Thanks for the great article, Liz. I wanted to add that my Azor Lok blog (zardok.wordpress.com) is also where I discuss the how-to and wherefore of library gaming, with a focus on RPGs, under the category "Library gaming." (Some of that material is also at www.librarygamingtoolkit.org, which Beth also had a big hand in putting together.)




June 5, 2009
In response to: Tabletop Role-Playing Games
EarlB commented:

At the risk of revealing my age, this article took me back to the summers of my youth which were spent in a local library branch, virtually every weekday, with my RPG buddies.

The forward thinking youth librarian (this was in the 1970's) recognized the need for a place for us kids to be able to stretch our imaginations. She didn't even have to implement a program and I don't think she knew the first thing about RPG's. But, by just arranging a place for us to do our thing contributed greatly to our positive development and helped to channel our energies in productive directions. All this when we could have just as easily been wandering the streets learning to be hooligans.
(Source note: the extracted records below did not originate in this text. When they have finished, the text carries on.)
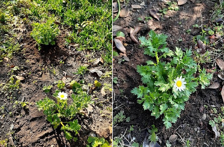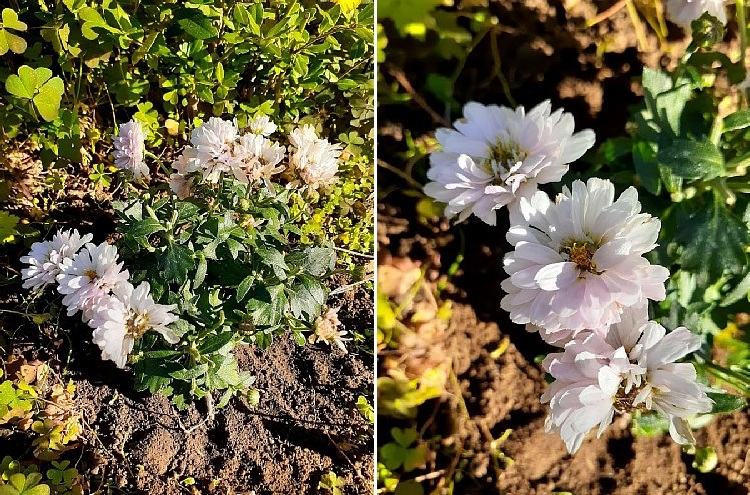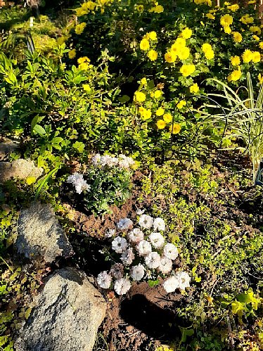 ▼同じクリサンセマム アラモードなんだけど、さらにお安く100円になってたこの子たちは住居側・南東花壇のご近所さんに頂いたマムの手前に植えました。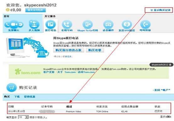 第二步:从页面中点击右上方的“显示购买记录”链接,显示您多人视频套餐的购买记录(如图8)。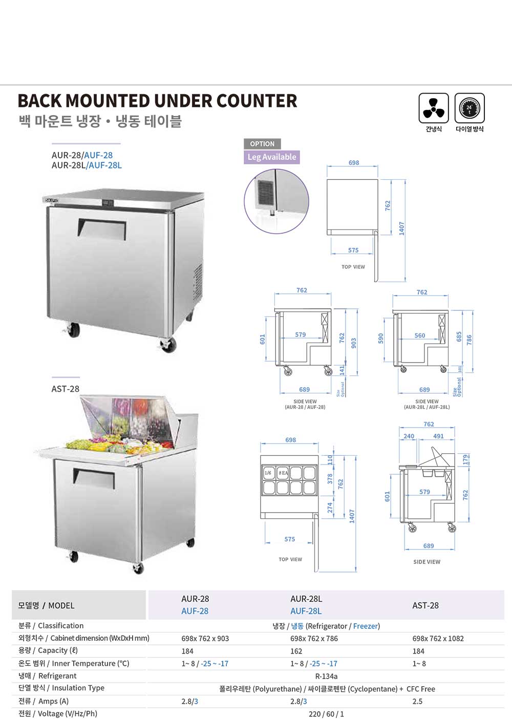 • 백 마운트 냉장/냉동 테이블 간냉식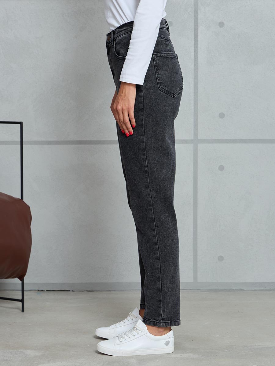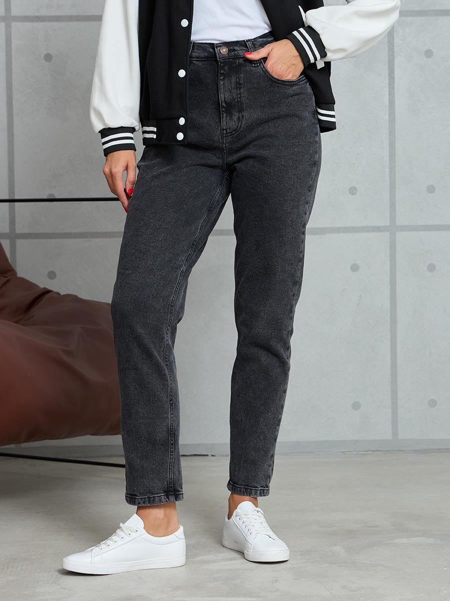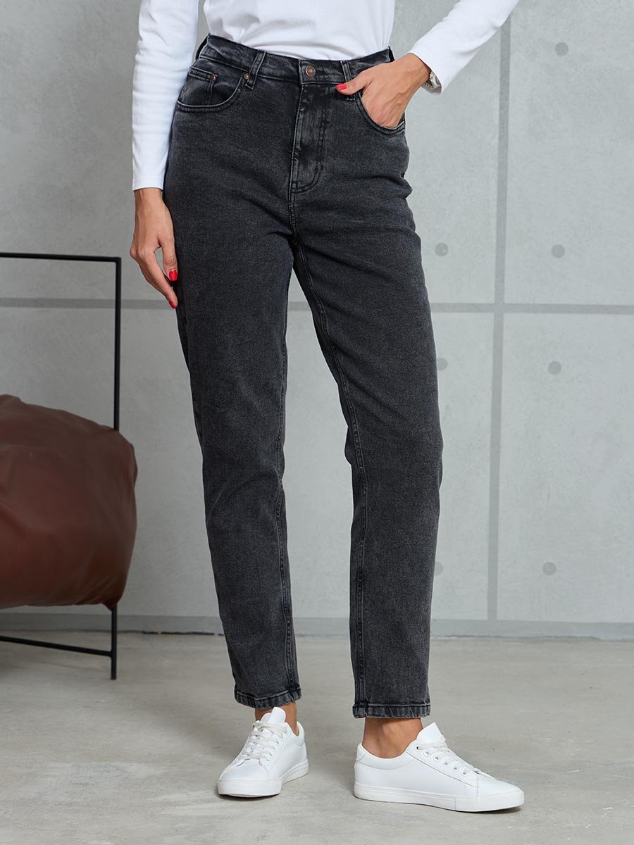 Женские классические ретро джинсы с пятью карманами с использованием лучших традиций 90-х. Посадка Mom fit, высокая талия спереди и сзади, свободные в бедре и зауженные к низу укороченной длины. Застежка на молнии.  Выполнены из слабоэластичной ткани denim comfort stretch, цвет ткани Black/Black (лицевая и изнаночная стороны ткани черные). Специальная темная стирка  "towel wash", мраморный эффект.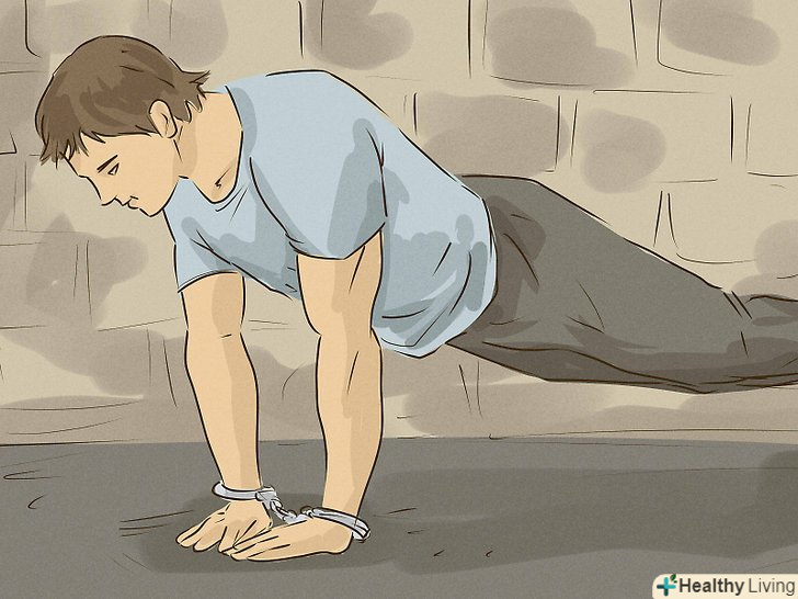 Підтримуйте фізичну активність. це буде непросто, особливо якщо вас тримають зв'язаним, але хороша фізична форма допоможе вам підтримувати ментальну рівновагу і здійснити втечу. Виконуйте будь-які фізичні вправи, які зможете: стрибайте, віджимайтеся, розтягуйтеся.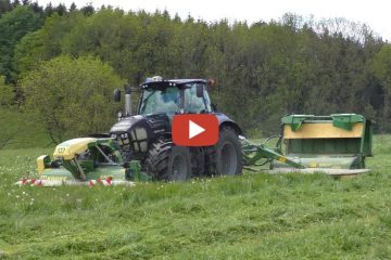 In Bad Wurzach haben Torben und Peter von der KRONE Green Power Tour mit ihren Maschinen 40 ha gemäht und gezettet–.Agrartechnik FullHD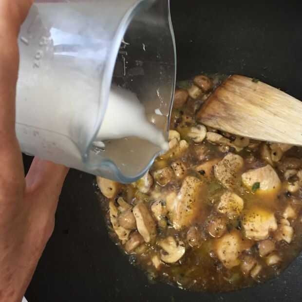 Verter en el caldo y cocinar a fuego lento durante 5 minutos a fuego lento. Mezclar la maicena con un poco de agua frío hasta formar una pasta. Este revolver para el pollo y cocinar a fuego lento hasta que espesa y brillante.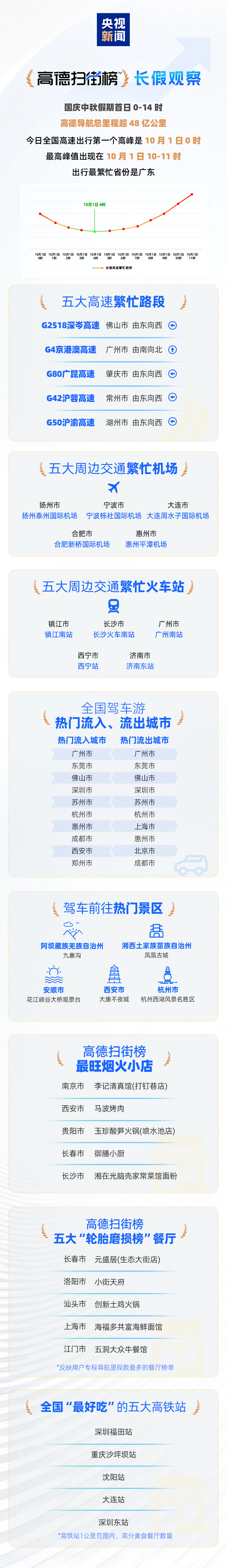 “高德扫街榜”则成为人们假期发现各地美味的重要依据,南京市李记清真馆(打钉巷店)、西安市马波烤肉、贵阳市玉珍酸笋火锅(喷水池店)、长春市御膳小厨、长沙市湘在光脑壳家常菜馆面粉成为全国广受欢迎的烟火小店;元盛居(生态大街店)、小街天府、创新土鸡火锅则登上高德扫街榜全国“轮胎磨损榜”,是人们专程导航前往里程数最多的餐厅。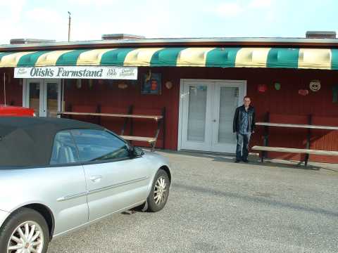 We start off our tour by travelling all the way out to eastern Long Island, deep into Suffolk County, until we hit the Hamptons, Westhampton, Southhampton, and Easthampton. While driving toward our next stop, we spotted this store selling Hampton Tomatoes, and so, we assume, this is where George went to buy his mother Hampton Tomatoes. Obviously this is from 5:21 The Hamptons.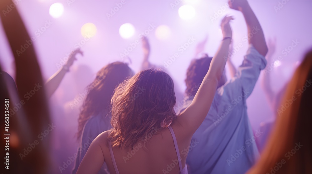 Taniec - Woman is dancing with her arms raised in the air. #1658524581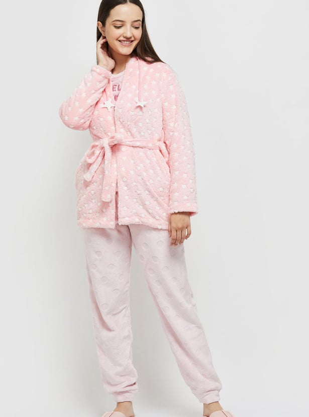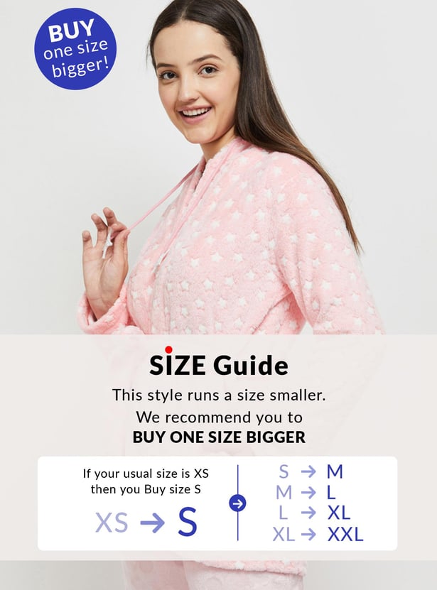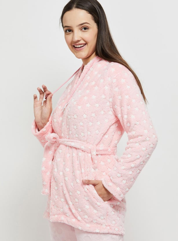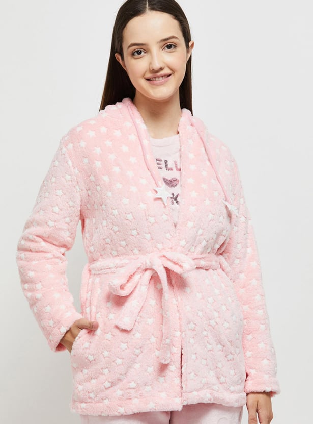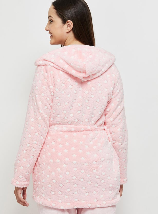 Women Embossed Hooded Fleece Robe with Tie-Up Waist
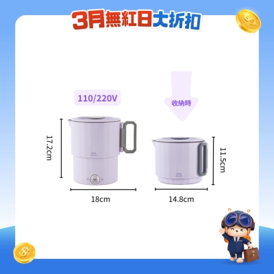 110V/220V 双电压设计,全球通用/极致轻巧的折叠式收纳设计(直径14.8厘米 x 11.5厘米)/智能煲水及保温:水沸时自动停止加热,自动切换至保温模式/电热煮食功能:可持续加热至190°C,适合各种料理/双层防烫设计:内层304不锈钢,外层PP材质/容量刻度标示(500ml/900ml),方便使用/可拆卸电源线及矽胶盖圈/体积小巧,适合放入20寸行李箱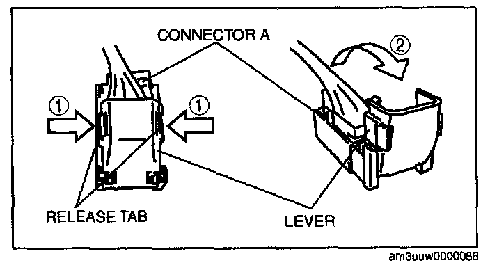 2. Rotate the lever in the direction of the arrow and remove connector A.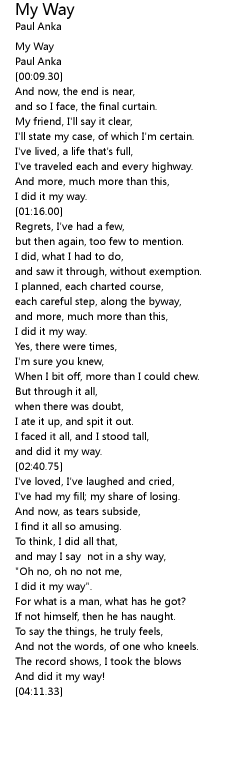 I did it my way". |

I very much partly attribute my professional success to the fact that those many years ago our library took the time to give us a place to develop our imaginations and fostered our interests instead of putting us "to the streets."




June 5, 2009
In response to: Tabletop Role-Playing Games
Ian McKinney commented:

Earl, I had exactly the same experience - by tolerating our presence and our occasional excitement, the library staff communicated an important set of values to us: respect, tolerance, and even acceptance of - let's face it - something pretty weird. Though it was very much connected to literature, of course.




June 6, 2009
In response to: Tabletop Role-Playing Games
Liz Danforth commented:

Cool response, Earl. I recall talking to a friend's mom, decades ago, who had five sons, one of whom was a gamer like you. She said "I always knew where Scott was, what he was doing, and who he was with. The other boys -- not so much." And yes, knowing his brothers and the trouble they got into ... Scott may have been the "nerd" but he went on to a successful, creative, productive life. The other boys -- not so much.